Chop Shop
Ramin Bahrani's debut film, Man Push Cart, won accolades despite a very brief stint in urban arthouses, his sophomore project Chop Shop seems poised to garner even more. Set in Queens in the shadow of Shea Stadium, the film like its predecessor, focuses on one urban character on the outskirts of American society.
But this time, instead of an aging immigrant, Bahrani's protagonist is a prepubescent boy, Alejandro (Alejandro Polanco). Alejandro has no parents (or at least they're never mentioned), nor is school a possibility, for he works every day in the Iron Triangle, a sprawling industrial and automotive neighborhood just off of Shea's right field, trying to forge a life for himself and his sister Isamar.
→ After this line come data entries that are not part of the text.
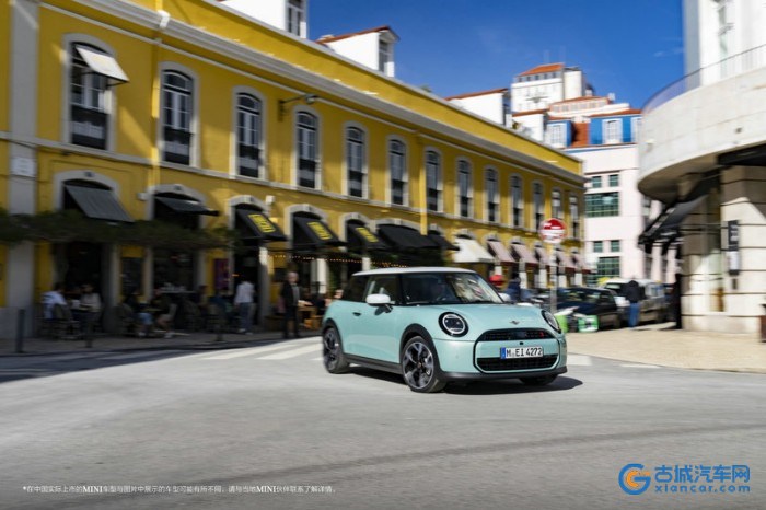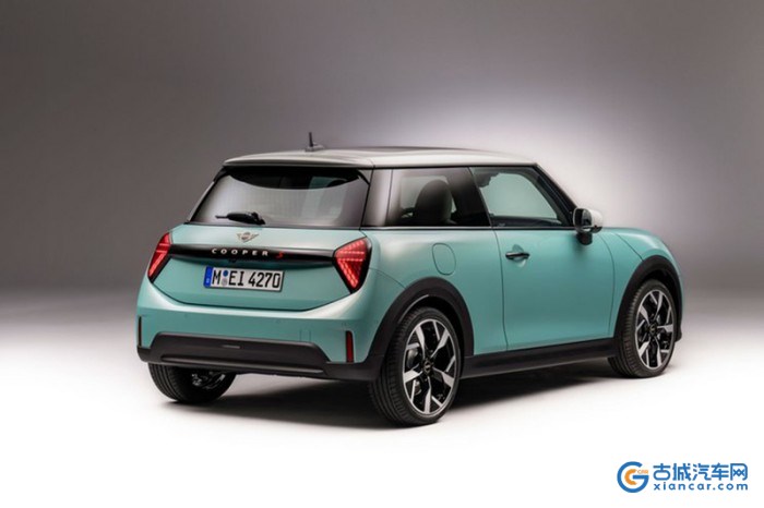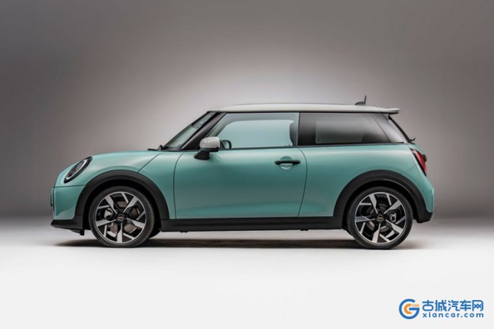 新车侧面造型较为流畅,略微向外凸出的轮拱搭配大尺寸多辐式轮圈运动感十足。另外,全新MINI Cooper依旧采用异色车顶及外后视镜设计,进一步提升其时尚感。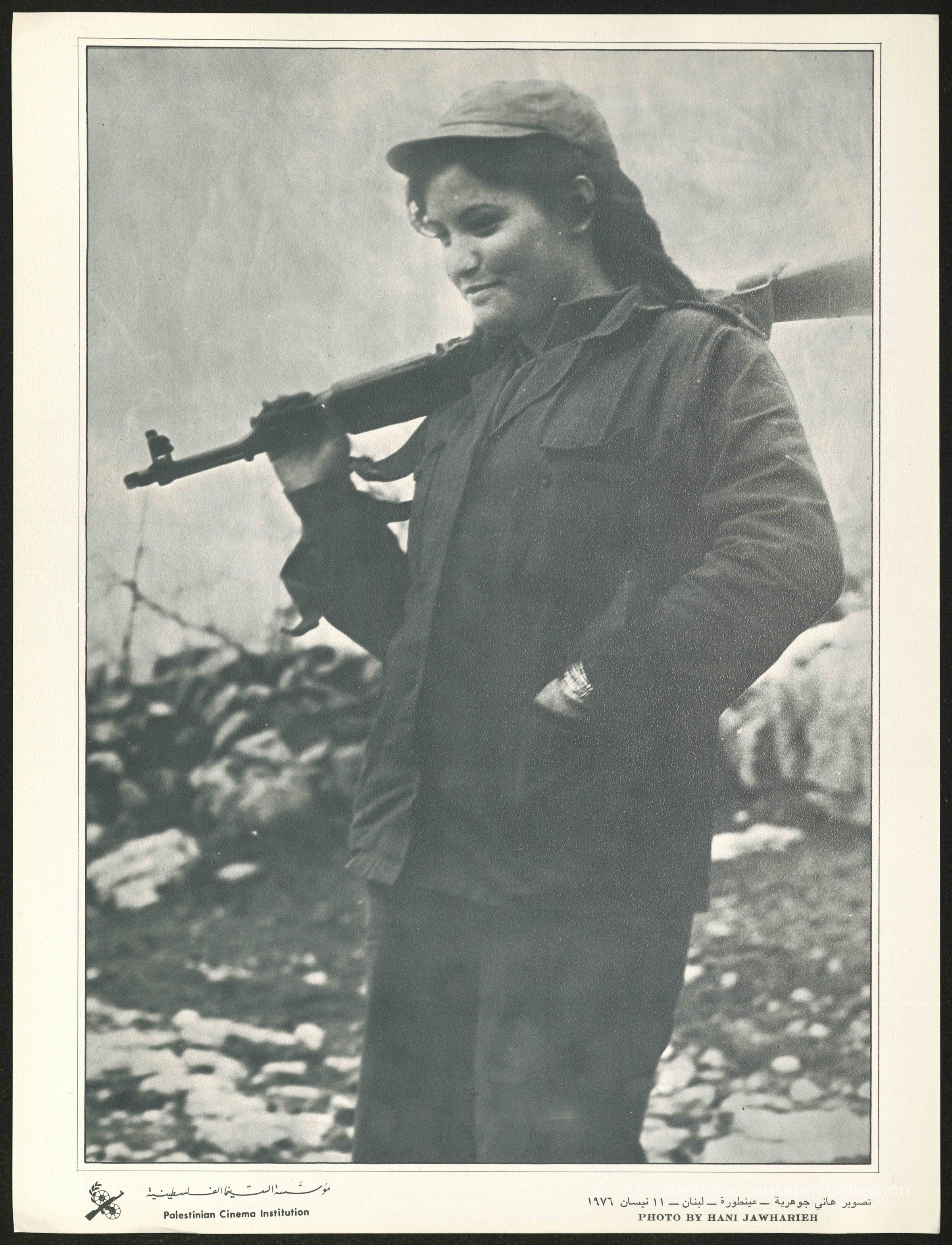 Taken by photographer Hani Jawharieh in 1976, this black-and-white photograph shows a woman wearing a military unifrom and carrying a shotgun in Aintoura in Lebanon.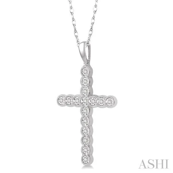 1/8 Ctw Round Cut Diamond Cross Pendant in 10K White Gold with chain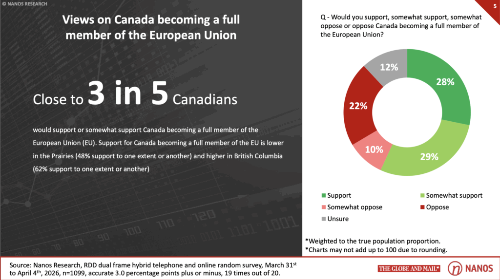 A recent Globe and Mail/Nanos survey found 56.8% of Canadians support or somewhat support Canada becoming a full EU member, including 28.2% who support the idea and 28.6% who somewhat support it. Another 31.2% oppose or somewhat oppose membership, while 11.9% are unsure.

The story arc to Bahrani's film is minimal, and the bosses and other men around the chop shop remain largely two-dimensional. Yet the film is still powerful as a result of its relentless focus on the rhythms of Ale's daily life. The thin-but-scrappy boy has a sweetly innocent face but will hustle anyone to make a buck; not only does he work at the chop shop, he also sells DVDs, candy on the subway, and any other odd job that comes his way.
Once Isamar moves into his tiny bedroom above the chop shop (why she wasn't with her brother earlier in the film is never clear), Ale becomes even more obsessed with entrepreneurial pursuits. In a plan that seems both childish and realistic, he hopes to buy a beat-up van from which he and his sister can sell food to the men in the Iron Triangle. He secures a job for Isamar at a similar van while he stashes away money in a tin can. But plans unravel fast for the siblings as money is lost and deals are broken, and Ale suffers as he learns firsthand how his sister was making her extra cash.
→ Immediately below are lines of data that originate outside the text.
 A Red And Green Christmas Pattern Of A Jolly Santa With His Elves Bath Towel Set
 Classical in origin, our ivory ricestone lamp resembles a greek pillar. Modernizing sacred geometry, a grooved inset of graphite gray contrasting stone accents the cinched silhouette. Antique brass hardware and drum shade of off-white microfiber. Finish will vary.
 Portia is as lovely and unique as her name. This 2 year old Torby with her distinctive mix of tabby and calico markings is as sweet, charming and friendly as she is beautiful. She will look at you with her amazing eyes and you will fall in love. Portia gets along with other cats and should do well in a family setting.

At a first glance of its synopsis, there's no reason to believe that the film should be anything but ugly. The location is ugly, the actions of the people can be frightening, and it would be easy to pity Alejandro and Isamar. But because they have no pity for themselves -- perhaps because they're forced to live their lives in the very present-tense - what bubbles up is less pathos and more admiration. Their lives are real with the lyricism of family love, and the metaphorical last shot of the film suggests that beauty can exist here on the edge of life, too.